A previous study indicated that stimulation of the cerebellar FN can provide a protective effect by inhibiting cerebrovascular inflammation (9). In addition, lesions of neuronal somas in bilateral FN with kainic acid (KA) have been shown to lead to the enhanced activity of T cells, B cells and natural killer cells (10). Our previous preliminary study also showed that, following FNS, the expression of inflammatory cytokines in the hippocampus was reduced significantly, thus protecting the Purkinje cells in this region and simultaneously improving the depressive-like behaviors of the PSD rats (7). However, there is no direct structural connection between the cerebellum and immune system. Therefore, it is important to examine the pathways involved in cerebellar immunomodulation in order to better understand the mechanisms of PSD.

It is well known that the hypothalamus is a crucial immunoregulatory center, which modulates the immune system via the sympathetic nervous system and the hypothalamic-pituitary-adrenal axis (11–13). A direct cerebellar-hypothalamic projection has been found (14,15), which arises from cerebellar FN neurons and mainly travels along the superior cerebellar peduncle (scp). Following crossing at the decussation of the scp (XSCP), it travels along the contralateral scp and terminates in the lateral hypothalamic area (LHA) (14,15). Experiments have indicated that there are direct glutamatergic and γ-aminobutyric acid (GABA)ergic projections from the FN to the LHA, which convey immunomodulating information from the FN (16,17). Accordingly, cerebellar immunoregulatory information may be transmitted to the hypothalamus via direct cerebellar-hypothalamic projections. Based on these findings, it was hypothesized in the present study that direct cerebellar-hypothalamic projections may transmit cerebellar immunoregulatory information to the hypothalamus, through which the regulatory information is then conveyed to the immune system involved in PSD.

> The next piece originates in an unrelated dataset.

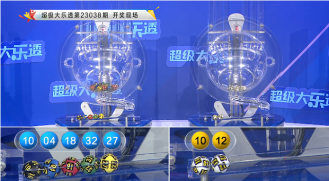 开奖回顾:体彩大乐透第23038期奖号为:04 10 18 27 32+10 12,前区奖号012路比为2:2:1,奇偶比为1:4,三区比为2:1:2,后区为全大组合。

In the present study, lesions of the FN or XSCP, behavioral signs of depression, mRNA levels of tumor necrosis factor (TNF)-α, interleukin (IL)-6, and IL-1β in the hippocampus, and the content of GABA and glutamate in the LHA were examined. The aim was to provide further evidence of the mechanisms suggested for the involvement of the cerebellum in PSD.

Materials and methods

Establishment of a PSD rat model

Healthy Sprague-Dawley (SD) rats weighing 240–260 g, which were aged 13 weeks, were provided by the Center of Experimental Animals, Jinzhou Medical University (Jinzhou, China). A total of 30 SD rats were randomly divided into five groups: Sham-operated, Stroke, PSD, FN lesion, and XSCP lesion groups. The middle cerebral artery was not occluded in animals of the Sham group, whereas the rats in the Stroke, PSD, FN lesion, and XSCP lesion groups underwent middle cerebral artery occlusion (MCAO). The rats were housed (n=5/cage) in quiet a room that was maintained at 21–22°C with 50% relative humidity and a 12/12-h light/dark cycle. They were allowed free access to food and water. The rats in the PSD group were subjected to isolated housing in combination with chronic and unexpected mild stress (CUMS) comprising water deprivation, wet litter, food deprivation, 45° cage tilt, overnight lighting, behavioral restriction, tail clamping, electric shock to foot, and ice-water swimming, in order to set up a depression model. The protocol was approved by Jinzhou Medical University for the Care and Use of Laboratory Animals.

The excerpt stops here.